## 1. Introduction

[1] The *Clark et al.* [2011] paper is an opinion piece. While we respect the authors' opinions and agree with much that is in their paper and what they have published elsewhere [e.g., *Clark and Kavetski*, 2010; *Kavetski and Clark*, 2010], we feel we have to comment on their approach to hypothesis testing, particularly on their characterization of the Generalized Likelihood Uncertainty Estimation (GLUE) methodology. Having had discussions with all the authors in the past, we find their presentation very surprising, not in the least because of the type of Bayesian methodology of hypothesis testing that they propose can be (and has been) incorporated into GLUE as a special case where strong assumptions about the nature of the modeling errors are justified [see *Romanowicz et al.*, 1994, 1996; *Beven et al.*, 2008]. GLUE is general in that sense.

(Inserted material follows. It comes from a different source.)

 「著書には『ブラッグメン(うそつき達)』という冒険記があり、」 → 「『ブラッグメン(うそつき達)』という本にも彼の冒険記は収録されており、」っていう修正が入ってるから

[2] However, in this comment we will consider the authors' discussion of the differences between a formal Bayesian statistical approach and a GLUE rejectionist approach to hypothesis testing. We address the nature of aleatory and epistemic errors in hydrological models, how they are treated in GLUE and formal Bayesian inference, and why we (still) advocate GLUE with its implicit handling of model residuals over formal Bayesian inference for hypothesis testing.

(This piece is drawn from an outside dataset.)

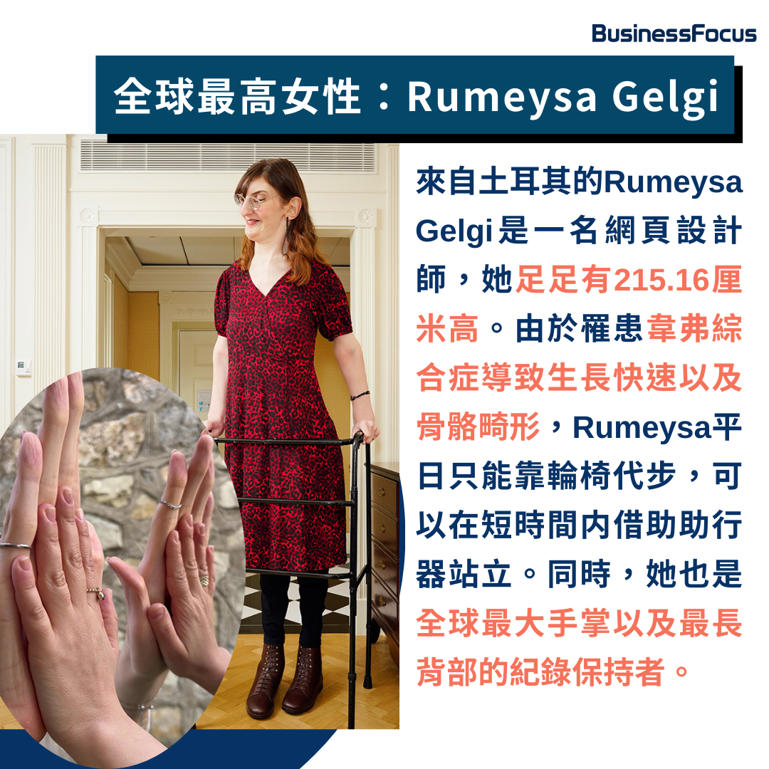 健力士世界紀錄最高女性的保持者,是來自土耳其的Rumeysa Gelgi,她足足有215.16厘米高,於2014年首次獲得全球最高女性的頭銜,並維持至今。由於罹患韋弗綜合症(Weaver Syndrome)導致生長快速以及骨骼畸形,Rumeysa平日只能靠輪椅代步,可以在短時間内借助助行器站立。即便如此,Rumeysa始終積極面對生活,從小接受家庭教育的她,目前是一名合格的網頁設計師。同時,她也是全球最大手掌以及最長背部的紀錄保持者。

[3] Clark et al. suggest that the rejection criteria in GLUE must necessarily be subjective. That implies that the Bayesian approach that they advocate is a more objective method for hypothesis testing. But how objective is a formal Bayesian statistical methodology? The method depends on the definition of a likelihood function, normally a representation of the structure of the residuals. The analysis can then be objective in the sense that the assumptions made in defining a likelihood function can be verified by a posterior analysis of the model residuals (as strongly recommended by *Clark et al.* [2011]). This should be considered as good practice but such checks are not always reported in papers based on formal Bayesian inference, though there are some where it is clear that the wrong likelihood function has been used [e.g., *Thiemann et al.*, 2001; *Feyen et al.*, 2007]. It is also difficult to do rigorously. When comparing models as hypotheses by making many different model runs there is no guarantee that the same likelihood function will be appropriate for all model structures (or even for different parameter sets within the same model), because of the way different model components might be activated (and interact with input errors) for different structures or parameter settings.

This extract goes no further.